This tutorial will show you how to extract meaningful data from a set of dirty data using a recipe. The manual version of this tutorial can be found here. Let's get ready to wrangle!
Recipes are a premium feature of the Data Wrangles add-in. Contact Us to get access to this feature.
Recipes allow a series of wrangles to be defined and run as an automated sequence. I this tutorial, we will go over how to take this series of wrangles and automate the process so that users can accomplish the same thing with just the click of a button.

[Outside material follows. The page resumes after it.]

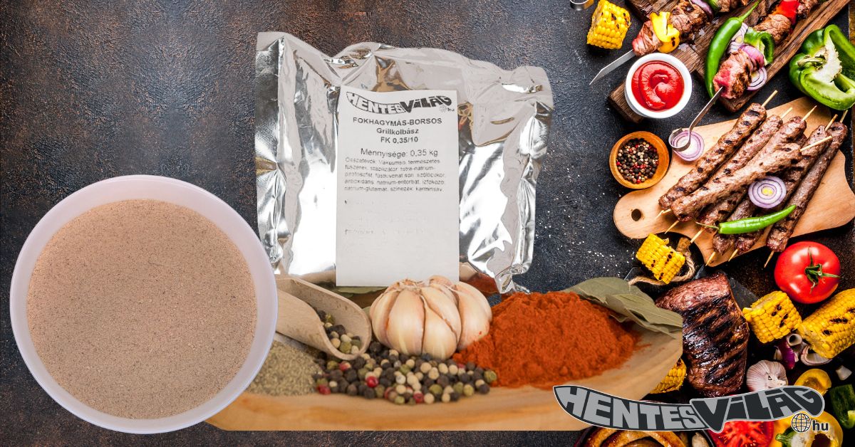 Összetevők: különleges fűszerpaprika őrlemény, fokhagymapor,vákuum só, természetes fűszerek, füst aroma són, tetra-nátrium-pirofoszfát, szőlőcukor, nátrium-glutaminát, nátrium-eritorbát. Felhasználási javaslat: 10 kg darált húshoz. A már bekevert masszához 1 liter hideg vizet kell adagolni. Ez fontos, hogy a sütésnél ne csapódjon ki a zsír és a kolbász szaftos maradjon. A keverék a kolbász elkészítéshez szükséges sómennyiséget tartalmazza! A fokhagymás grillkolbász hagyományosan vékony kolbász, így juhbélbe javasoljuk tölteni, de bármilyen vékonyabb (30/32 vagy 32/34) kaliberű sertésbélbe is nyugodtan tölthető. Az íze ugyanolyan finom marad, legfeljebb egy kicsit tovább kell majd sütni. Érdemes ezért több borral vagy sörrel készülni, esetleg egyéb fűszerkeverékeket is kipróbálni…
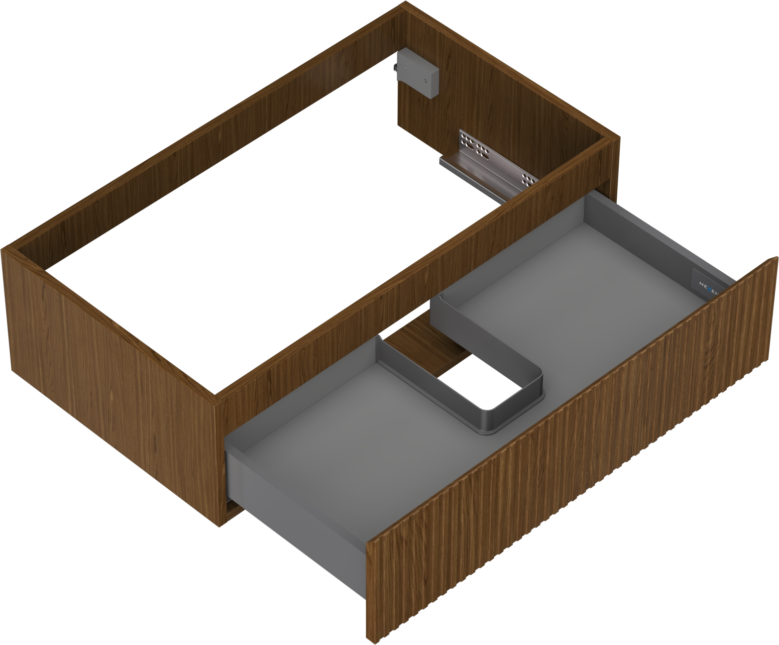 The cutout in the drawer is designed in such a way as to accommodate the siphon, which is essential in sink installations. This allows the furniture to be fully functional without having to give up drawer space for the installation.

If you recall from the manual excersize, our data is dirty and riddled with noise. This is what we have to start off with:
The wrangles we will be working with can be found here:
Here is the recipe we will be using, but keep reading to go over it step by step.
wrangles:
- extract.properties:
input: Products
output: Materials
property_type: Materials
- select.list_element:
input: Materials
element: 0
- extract.attributes:
input: Products
output: Weight
attribute_type: mass
- select.list_element:
input: Weight
element: 0
- extract.codes:
input: Products
output: Part Number
- select.list_element:
input: Part Number
element: 0
- replace:
input: Part Number
find: 0000
replace: ''
- extract.address:
input: Products
output: Country of Origin
dataType: countries
- select.list_element:
input: Country of Origin
element: 0
- extract.brackets:
input: Products
output: Storage
- extract.custom:
input: Products
output: Brand
model_id: xxxxxxxx-xxxx-xxxx
first_element: true
- extract.custom:
input: Products
output: Product Type
model_id: xxxxxxxx-xxxx-xxxx
first_element: true
- extract.custom:
input: Products
output: Price
model_id: xxxxxxxx-xxxx-xxxx
first_element: true
- merge.concatenate:
input:
- Brand
- Product Type
- Storage
- Price
- Country of Origin
- Part Number
output: Description
char: ' '
wrangles:
- extract.properties:
input: Products
output: Materials
property_type: Materials
- select.list_element:
input: Materials
element: 0
The above code snippet shows the two wrangles used to extract materials. The first wrangle is straight forward, just a simple extract wrangle with a named property_type. Extract wrangles output a list of all matches, therefore we need to select the first match using select.list_element. In the near future, users will be able to specify this in the parameters of stock extract wrangles but for now a simple select.list_element will work.
- extract.attributes:
input: Products
output: Weight
attribute_type: mass
- select.list_element:
input: Weight
element: 0
Similar to extracting materials above, extracting weight uses a stock extract (extract.attributes) with a names attribute_type (mass) then utilizes select.list_element to select only the first match.
- extract.codes:
input: Products
output: Part Number
- select.list_element:
input: Part Number
element: 0
- replace:
input: Part Number
find: 0000
replace: ''
Like done before, extracting part numbers utilizes a stock extract wrangle (extract.codes) with select.list_element but then we go an extra step. The replace wrangle is used to drop leading zeros from our part number.
- extract.address:
input: Products
output: Country of Origin
dataType: countries
- select.list_element:
input: Country of Origin
element: 0
I'm sure you are catching on to the process by now but again we a using a stock extract wrangle (extract.address) with a named dataType along with select.list_element.
- extract.brackets:
input: Products
output: Storage
Storage is wrapped in curly brackets in our data so the extract.brackets stock wrangles is utilized to extract storage capacity. Here, we do not need to use a select wrangle, because we only have one set of brackets (if any) in each row.
- extract.custom:
input: Products
output: Brand
model_id: xxxxxxxx-xxxx-xxxx
first_element: true
In order to extract brand, we have utilized a custom extract wrangle. You'll notice that extract.custom has a first_element parameter that allows users to specify the first element only when running the wrangle. This gets rid of the need for an additional select wrangle. See extract.custom to learn how to train your own custom extract wrangle.
Our model is as follows:
There are only three brands listed and two variations but that is just because we are working with a small set of data. Larger sets of data will likely require more training data.
- extract.custom:
input: Products
output: Product Type
model_id: xxxxxxxx-xxxx-xxxx
first_element: true
Just as before with brand, a custom extract wrangle is used to extract product type.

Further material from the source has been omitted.